If you didn't know a traditionalist. As most here call it, then how did you get good at any of the styles you have ever taking? Do you not try and find the best at what your going to learn? And if you do, a traditional at whatever style is your best bet, right? So if you wanted to learn kicking. Would you not find someone who has done this for years? Same as for any specialized, ground, close, etc...???


@ lion. Lol. No I didn't bash traditionalist. I bashed everyone in here. It was intentional. I'm sure deep down you know why I did this. Never been here before. Just feeling the place out. Lol. I sure did some bashing though. Lol

Update 2:

Lion. Don't think I have hatred on this world I live here too. I love every moment of it. The good, the tuft. It's all for a reason

Update 3:

Lol BBQ. I appreciate your comment. This you speak is true of Olympic. Remember though, this was done on purpose for Olympics. And some of us do stick to the roots.

Update 4:

Lol BBQ. I appreciate your comment. This you speak is true of Olympic. Remember though, this was done on purpose for Olympics. And some of us do stick to the roots.

Update 5:

Lion. I appreciate it. And it doesn't matter what the community on here thinks of me as I type on this I pad. The only thing that matters is true answers.

12 Answers

  • Anonymous
    8 years ago
    Favourite answer

    Good, question. I don't know why some mma fans bash traditional martial arts.

    Muay Thai, and JJ are traditional in a sense.

    The biggest reason I suppose is the whole "train to fight" thing.

    Some traditional martial arts do not do that. You need to fight and spar full contact. Or at least in my opinion.

    In short, I have no idea.

    Source(s): Martial Artist 13 yrs and counting.
  • Bon
    Lv 6
    8 years ago

    I consider myself a traditionalist and I have never bashed MMA or any other martial art. I have, however, been critical of how some are taught.

    There are two kinds of traditionalist or people who call themselves one. There are those who are infatuated with the trappings and rituals of a tradition which is okay so long as you keep in mind that nothing remains constant and that a martial art that is static is basically a dead art. Then there are those traditionalists who while respecting the history and understands the significance of a tradition, strives to build upon the past just as all the pass generation of great masters have done.

    I respect my teachers because they have seen more of life and the world than I have - at least at that point in time.

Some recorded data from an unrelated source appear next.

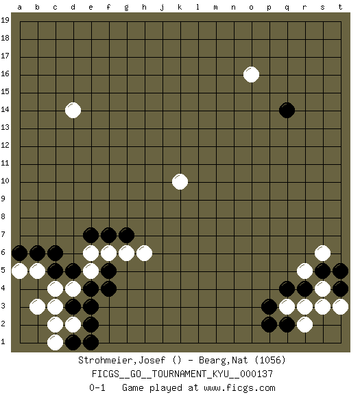 Last move : 0-1 2012 December 21 9:16:54 [Event "FICGS__GO__TOURNAMENT_KYU__000137"] [Site "FICGS"] [Date "2012.08.25"] [Round "1"] [Black "Strohmeier,Josef"] [White "Bearg,Nat"] [Result "0-1"] [Rating 2 "1056"] 1.e4 o16 2.q4 d14 3.q14 d4 4.f4 k10 5.d5 c4 6.d3 c3 7.e3 c2 8.c5 b5 9.b6 a5 10.c6 d2 11.e2 b3 12.a6 q3 13.p3 r3 14.r4 s4 15.s5 s3 16.t4 t3 17.q2 r2 18.p2 r5 19.t5 s6 20.d1 c1 21.e1 e5 22.f5 e6 23.e7 f6 24.f7 g6 25.g7 h6 0-1 Here are the names of the openings (joseki) played in the four corners : Corner q16 : o16 q14 Ootakamoku (Chaogao) 6-4 Point. The large takamoku (high) point (6-4), experimented with during the "new fuseki" movement in Japan in the 1930's. This point is seldom played as the initial corner point nowadays. Corner d4 : e4 d4 Takamoku (Gomok, Gaomu`) 5-4 Point. The takamoku (high) point (5-4). With its emphasis on influence, the 5-4 point complements the 4-4 (hoshi) point in creating an influence-oriented fuseki. Corner q4 : q4 q3 Hoshi (Hwajeom, Seongjeom, Xingwei`) 4-4 Point. The star or hoshi (4-4) point, emphasizing influence at the potential expense of territory. Player White won this Go (weiqi, baduk) game. Follow this game move after move (download)If White takes all four corners, Black should resign; if Black takes all four corners, Black should also resign. (David Kent) The only thing that matters is the evidence. (Horatio Caine, C.S.I. Miami)
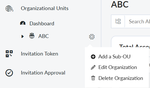 Hover over the organization name and click the gear icon. A dropdown list is displayed.
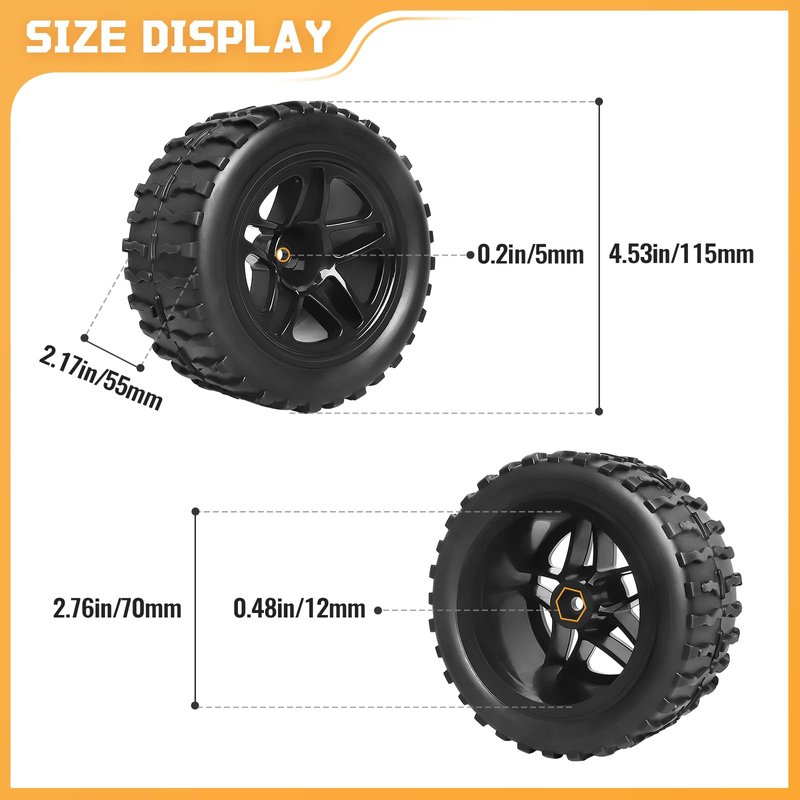 - 【Size】Tires Height(Outer Diameter): 4.53" (115mm), Width:2.17" (55mm); Wheel Inner Diameter: 2.76" (70mm), Wheel Hubs:12mm Hex; Axle Hole: 5mm--->Notice: Please check the height of the tires to ensure they fit your RC vehicle properly
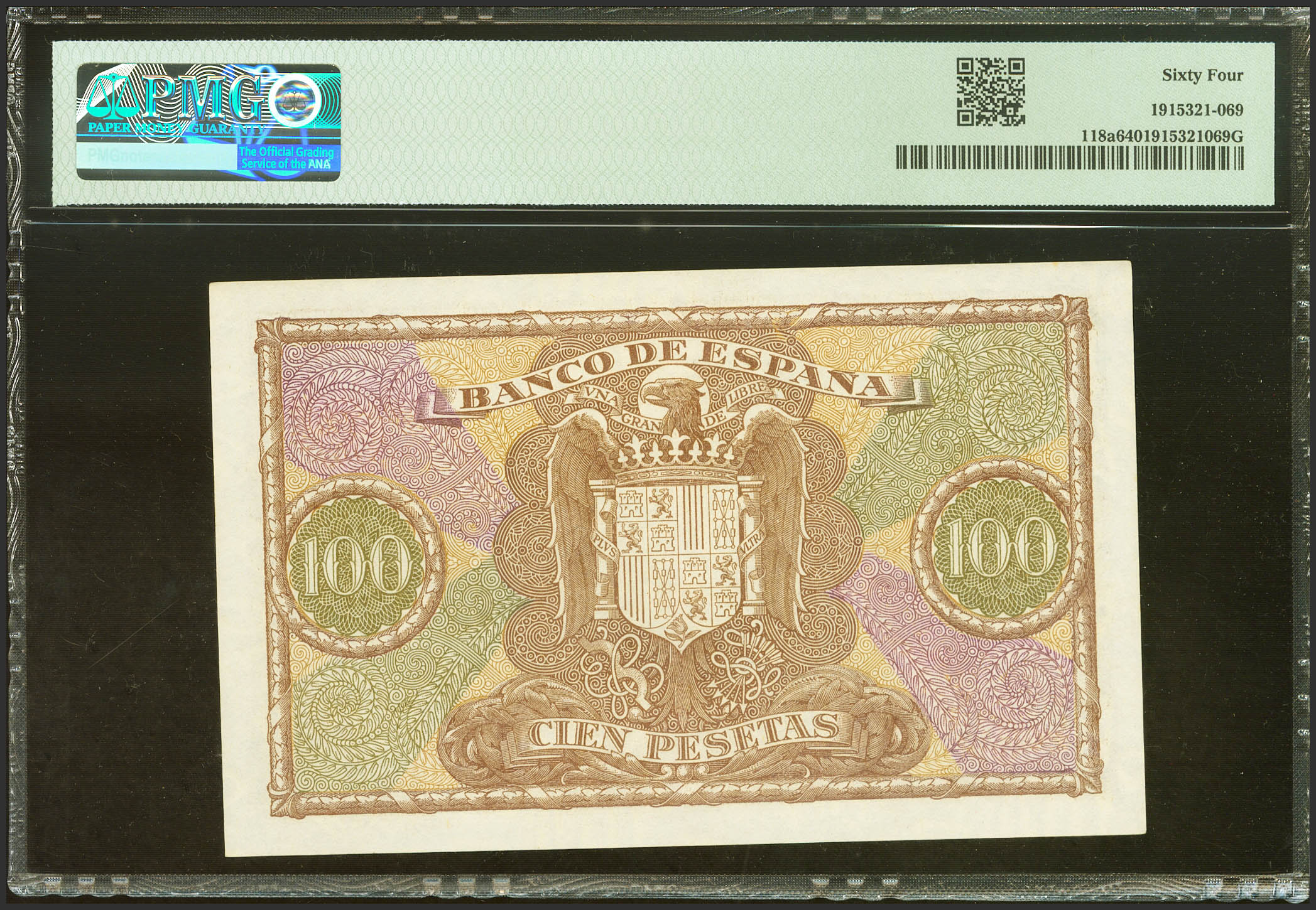 100 Pesetas. 9 de Enero de 1940. Serie A. (Edifil 2023: 438, Pick: 118a). Inusual en esta calidad. SC. Encapsulado PMG64.
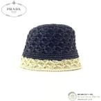 プラダ (PRADA) ラフィア ビコローレ バケット ハット ストロー 麦わら 帽子 Mサイズ 1H0609 ネイビー×アイボリー(新品)
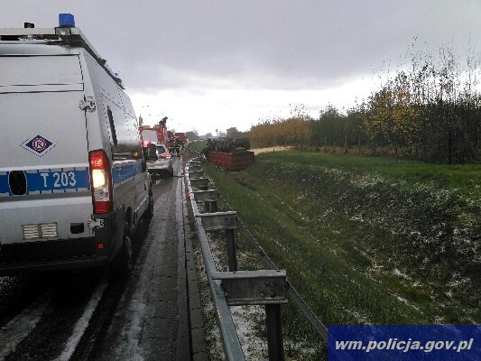 Od wczesnego poranka elbląscy policjanci odnotowali trzy kolizje, związane z niekorzystnymi warunkami na drogach. Spowodowały to opady deszczu ze śniegiem. Około godz. 10:00 na Węźle Wschód (droga S22) kierowca suzuki grand vitara stracił panowanie nad autem i wjechał do rowu. Z niewielkimi obrażeniami głowy trafił do szpitala na obserwację. Kolejne zdarzenie miało miejsce na obwodnicy Elbląga. Tam przed godz. 12:00 TIR z naczepą również wjechał do rowu i przewrócił się na bok. Na szczęście nikt nie odniósł obrażeń.
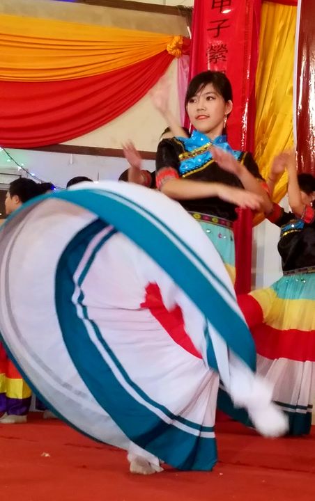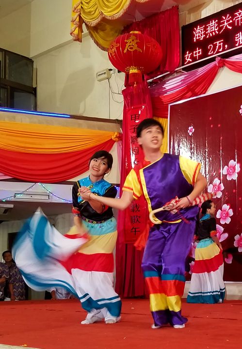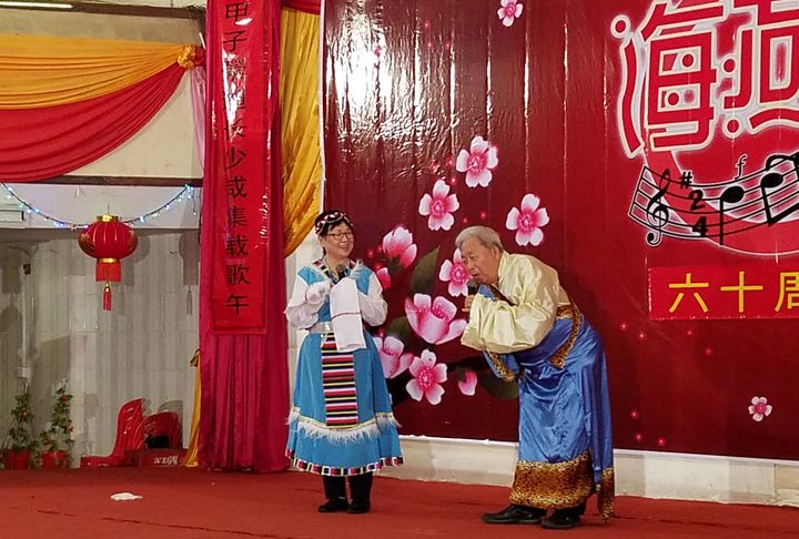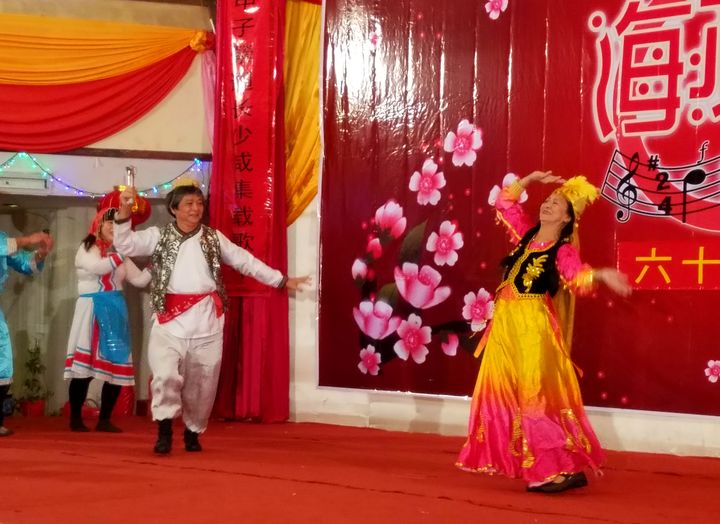 蔡汉在 陈彩銮夫妇 表演新疆舞

I try to understand what they taught me within the context that their experience was from another time and place that may not "fit" my circumstance, but then again it might.

    I think the best way to sum my view as a traditionalists is that while the world around us changes, the human condition has not. For the lack of a better phrase, there is this static dynamism in the world we live in. It changes, but at the heart it does not. The way we fight has changed, but then it really has not because we still have 2 arms and 2 legs that bends only a certain way. If someone else has found better way for himself, that is fine with me but what is best of one person may not be so for me.

    I am a traditionalist, but I am a tolerant one.

    As imperfect human beings, we do not possess perfect knowledge. What is passed on from master to student is never complete even in the best of circumstance because in the end martial art is the journey that the individual artist makes and whatever teachings from ones master are only signposts along this road we take.

  • BBQPit
    Lv 4
    8 years ago

    For me, the reason I bash TMA is not because I hate TMA, but I bash the training methods.

    I've said several times before that there is nothing wrong with TaeKwonDo, an art that is pretty much in the cross-hairs of every MMA fan and even some traditionalists. However, the problem is most schools I've ever seen teach TaeKwonDo have watered down standards. Like take my school for example. We had kid black belts (not super young, but 12), we practiced Olympic style sparring (full contact which is good, but unfortunately very restricted rules such as no face punches, no leg kicks, no elbows or knees or clinching of any kind), etc. All of these things lead to ineffective students. The sad thing is that my school was one of the better ones in the area so I'd hate to see what the bad ones were like.

    Gary, as a TKD instructor, perhaps you can be proactive and break the mold. But unfortunately most TKD instructors don't.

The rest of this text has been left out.